Oslo, September 27, 2023 – Ultimovacs ASA (“Ultimovacs”) (OSE ULTI), a clinical-stage biotechnology leader in novel immunotherapeutic cancer vaccines, announced today that the results from the UV1 Phase II clinical trial NIPU will be presented at the ESMO Congress 2023 in Madrid, Spain, 20-24 October 2023.

The presentation title is “First survival data from the NIPU trial; A randomized, open-label, phase II study evaluating nivolumab and ipilimumab combined with UV1 vaccination as second line treatment in patients with malignant mesothelioma”. Principal Investigator Åslaug Helland, Professor at Oslo University Hospital, will give the presentation.

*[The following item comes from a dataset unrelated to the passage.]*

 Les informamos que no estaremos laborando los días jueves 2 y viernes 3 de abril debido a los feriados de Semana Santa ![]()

The NIPU study is an investigator-initiated Phase II clinical trial sponsored by Oslo University Hospital with support from Bristol-Myers Squibb and Ultimovacs. The study was designed to investigate if combining UV1 with the checkpoint inhibitors ipilimumab and nivolumab would provide a benefit compared to ipilimumab and nivolumab alone, in patients with malignant pleural mesothelioma as a second-line treatment, after first-line treatment with platinum-based chemotherapy. The randomized, open-label, multi-center trial with 118 patients was conducted in Australia, Denmark, Norway, Spain and Sweden.

About Ultimovacs
Ultimovacs is a clinical-stage biotechnology leader developing novel immunotherapeutic cancer vaccines to treat a broad range of cancer types. Ultimovacs’ lead universal cancer vaccine candidate, UV1, is a therapeutic cancer vaccine used to generate an immune response against the enzyme human telomerase (hTERT).  The enzyme is essential for the ability of cancer cells to proliferate. Telomerase is present in 85-90% of all cancers, across the stages of the disease. Ultimovacs is evaluating UV1 in a broad clinical development program across various cancer indications with different biologies and disease stages, in combination with different checkpoint inhibitors.

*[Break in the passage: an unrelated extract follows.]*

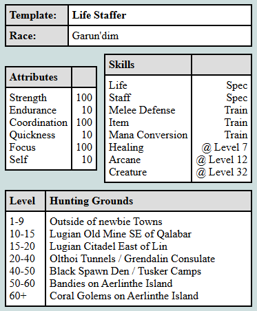 This template requires a bit of hard work in the beginning to get you going, but provides the benefits of having strong melee defense and life magic skills for a great combination of vulning and tanking.

The topline data from NIPU are the first results among the currently five randomized trials in the UV1 Phase II clinical program. In addition to malignant pleural mesothelioma, Phase II studies are ongoing in patients with malignant melanoma, head and neck cancer, ovarian cancer, and non-small cell lung cancer. The topline data from the malignant melanoma study INITIUM and the head and neck cancer study FOCUS are expected within a year. UV1 is a patented, proprietary technology owned by Ultimovacs.

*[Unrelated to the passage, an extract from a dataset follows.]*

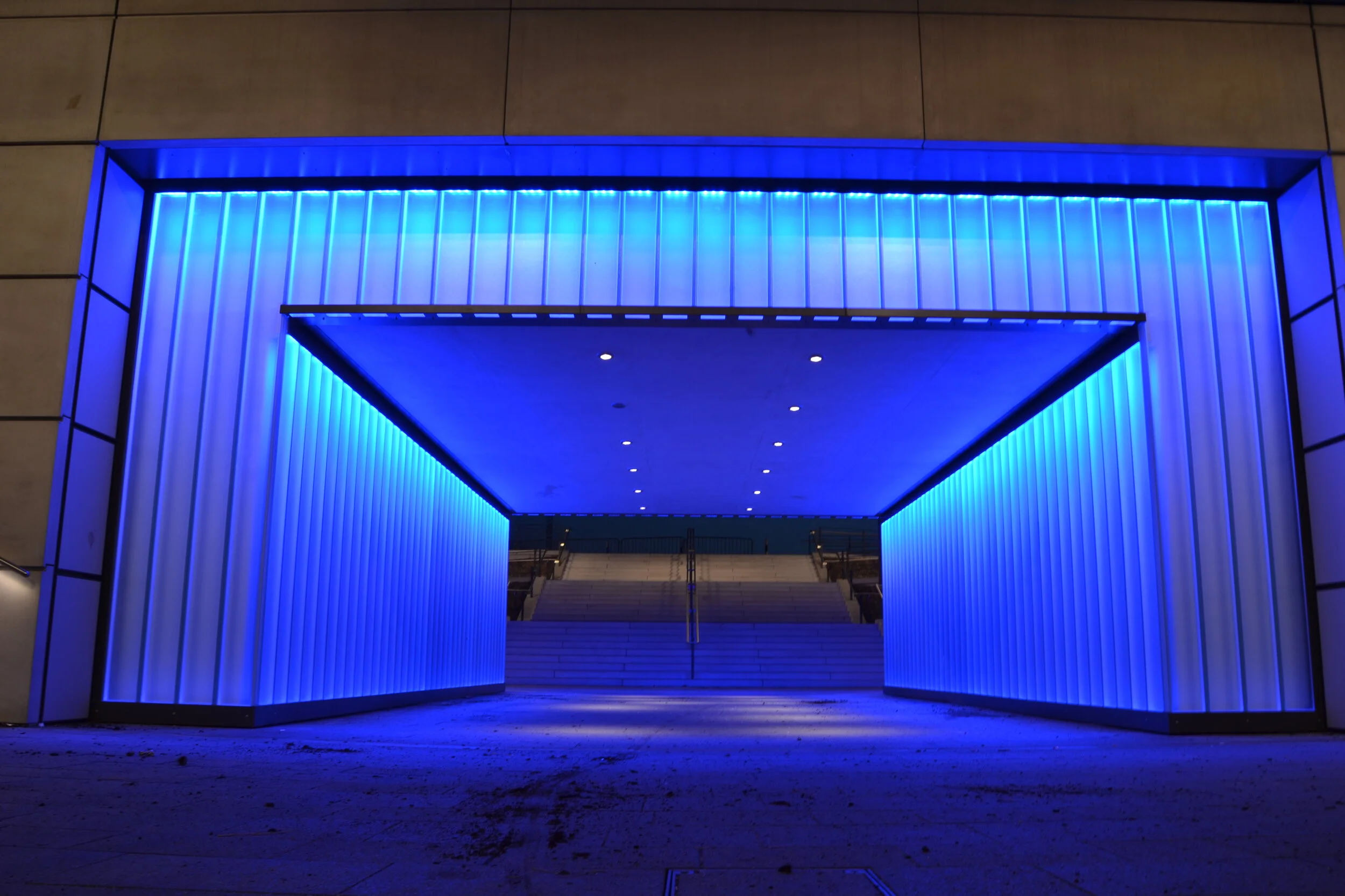Les parois latérales du tunnel et les surfaces visibles à l’entrée du tunnel sont constituées d'éléments en Linit, verre profilé en U, en saillie avec éclairage LED intégré. Le rétroéclairage des parois de verre, qui est dissimulé au bord supérieur, se reflète par des bandes blanches insérées dans les barres de verre. En utilisant la pré-programmation, les couleurs et les ambiances changent régulièrement.

Ultimovacs’ second technology approach, the proprietary Tetanus-Epitope-Targeting (TET) platform, combines tumor-specific peptides and a tetanus-based adjuvant in the same molecule. 

For further information, please see www.ultimovacs.com or contact:

Carlos de Sousa, CEO
Email: carlos.desousa@ultimovacs.com
Phone: +47 908 92507

Anne Worsøe, Head of IR
Email: anne.worsoe@ultimovacs.com
Phone: +47 906 86815

This information is considered to be inside information pursuant to the EU Market Abuse Regulation and is subject to the disclosure requirements pursuant to Section 5-12 in the Norwegian Securities Trading Act.

This stock exchange announcement was published by Anne Worsøe, Head of Investor Relations at Ultimovacs ASA, on September 27, 2023 at 16:30 (CET).